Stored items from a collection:
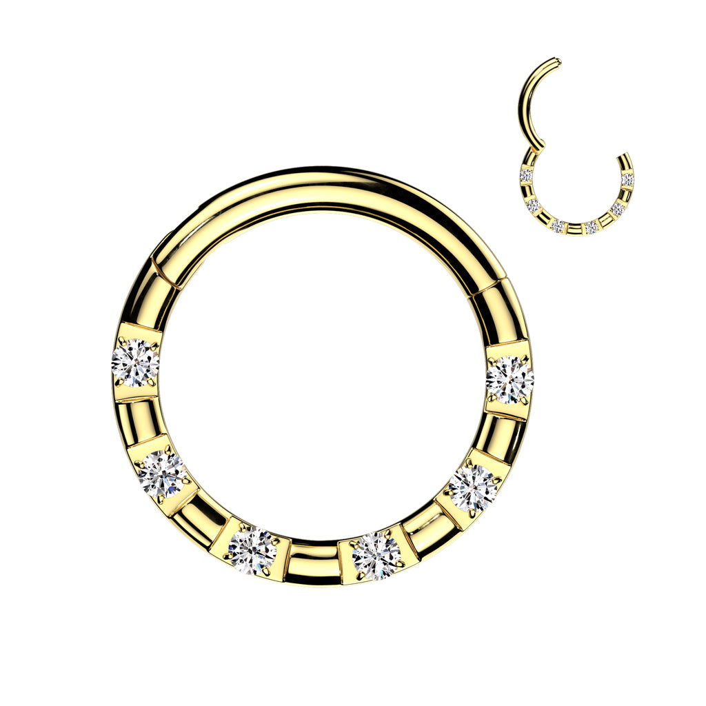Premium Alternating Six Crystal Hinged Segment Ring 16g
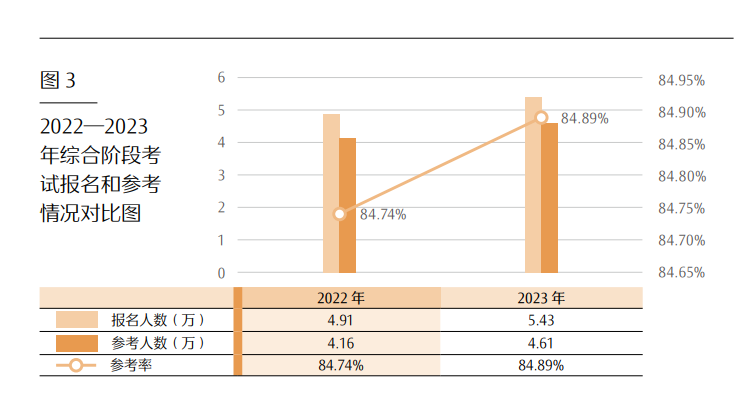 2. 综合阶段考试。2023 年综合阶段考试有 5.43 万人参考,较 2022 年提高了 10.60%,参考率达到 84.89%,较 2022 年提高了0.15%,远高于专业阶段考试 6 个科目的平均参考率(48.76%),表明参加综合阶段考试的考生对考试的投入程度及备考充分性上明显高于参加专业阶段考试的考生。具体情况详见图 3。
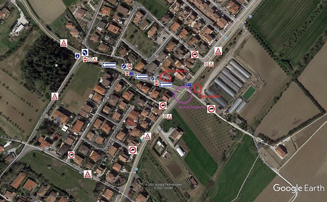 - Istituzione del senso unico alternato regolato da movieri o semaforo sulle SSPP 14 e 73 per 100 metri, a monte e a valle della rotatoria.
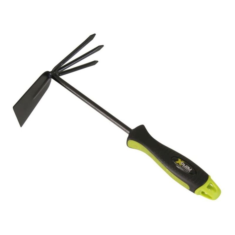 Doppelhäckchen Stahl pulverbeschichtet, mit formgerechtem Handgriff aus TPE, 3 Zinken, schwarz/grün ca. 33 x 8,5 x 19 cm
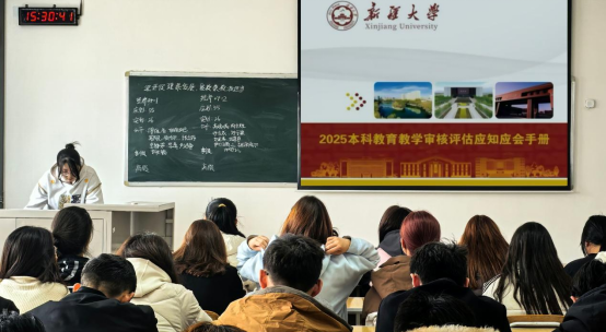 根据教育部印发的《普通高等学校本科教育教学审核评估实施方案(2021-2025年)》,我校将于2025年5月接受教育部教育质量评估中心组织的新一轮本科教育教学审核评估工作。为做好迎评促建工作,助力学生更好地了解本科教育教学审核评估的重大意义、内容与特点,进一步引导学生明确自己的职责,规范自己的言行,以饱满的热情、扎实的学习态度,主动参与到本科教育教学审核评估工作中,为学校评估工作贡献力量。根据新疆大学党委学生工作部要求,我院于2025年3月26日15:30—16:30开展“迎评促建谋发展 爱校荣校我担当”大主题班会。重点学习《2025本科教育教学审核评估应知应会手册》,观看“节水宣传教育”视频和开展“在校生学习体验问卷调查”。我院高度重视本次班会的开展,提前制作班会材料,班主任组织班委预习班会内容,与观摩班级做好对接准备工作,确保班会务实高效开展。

◆ WHAT YOU WILL DO:
Reproduce the lines above, exactly and exclusively, from the line containing "- Istituzione del" down to the last line, both included; pictures are not part of the copy.

◆ RESULT OF THIS EXERCISE:
 - Istituzione del senso unico alternato regolato da movieri o semaforo sulle SSPP 14 e 73 per 100 metri, a monte e a valle della rotatoria.
 Doppelhäckchen Stahl pulverbeschichtet, mit formgerechtem Handgriff aus TPE, 3 Zinken, schwarz/grün ca. 33 x 8,5 x 19 cm
 根据教育部印发的《普通高等学校本科教育教学审核评估实施方案(2021-2025年)》,我校将于2025年5月接受教育部教育质量评估中心组织的新一轮本科教育教学审核评估工作。为做好迎评促建工作,助力学生更好地了解本科教育教学审核评估的重大意义、内容与特点,进一步引导学生明确自己的职责,规范自己的言行,以饱满的热情、扎实的学习态度,主动参与到本科教育教学审核评估工作中,为学校评估工作贡献力量。根据新疆大学党委学生工作部要求,我院于2025年3月26日15:30—16:30开展“迎评促建谋发展 爱校荣校我担当”大主题班会。重点学习《2025本科教育教学审核评估应知应会手册》,观看“节水宣传教育”视频和开展“在校生学习体验问卷调查”。我院高度重视本次班会的开展,提前制作班会材料,班主任组织班委预习班会内容,与观摩班级做好对接准备工作,确保班会务实高效开展。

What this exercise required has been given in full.